I have to get up uber early tomorrow. Which is why I started drinking early today
It would be worth it to see how drunk he is right now.
He cartwheeled into the side of the neighbor's garage.
Ok, i'm coming over
how do chicks with those acryllic nails wipe their anuses?
please quote me on this- the only thing worse than being ugly is being ugly and thinking that you're pretty
Dude you can sell sperm for 100 to 250 bucks a time. And the best part is there will be kids all over the world that will have me as a daddy.

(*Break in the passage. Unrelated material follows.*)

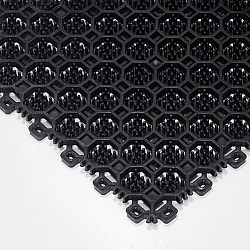 Покрытие состоит из отдельных модулей, собираемых в ковер необходимого размера по принципу пазлов. Бортики модулей прекрасно отсекают влагу, грязь, песок и мелкие камешки, а ячеистая структура и виниловые столбики препятствуют попаданию женских шпилек внутрь покрытия и предотвращают скольжение.
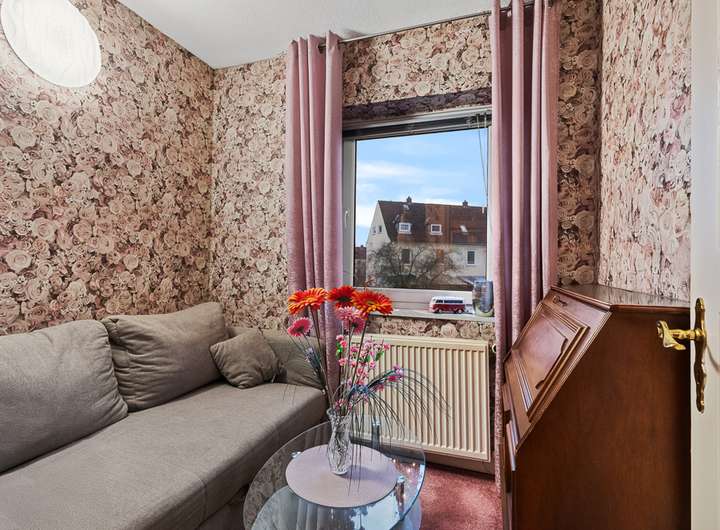 Im Obergeschoss befinden sich zwei Schlafzimmer sowie ein zusätzliches Arbeitszimmer, das sich flexibel auch als Kinder- oder Gästezimmer nutzen lässt. Das Tageslichtbad im Obergeschoss verfügt ebenfalls über ein Fenster.

It's like I'm jerking off my way into ruling the world
the general consensus of people in the room is that i should have another bottle of wine.
"people in the room" being me.
Santa was walking around downtown handing out stuff at the bars. He gave me a free eyebrow wax. I think he's trying to tell me something
As a matter of fact, I am on the treadmill with the Bottle of UV Blue as we speak.....
He just had a handle of vodka with ice in it yelling at people hot august night mother fuckaaaaa and was pouring it on his face
I've counted four places at work I need to get laid in. Come help me accomplish this.
Hey, I'm your guy
Will you bring a case of beer down to the hot tub? Me and Phil don't want to feel feelings anymore
Well you fished my watch out of a possibly vomit filled toilet so I think we're bros now.
i just want a position where we can lock up like some sort of sexual megatron and go the whole night that way
i got to his house for our first date at the same time as his dealer, so what I'm saying is I'm in love
First time a guy goes down on me and his dog had its head on my knee the whole time. I swear it was judging me.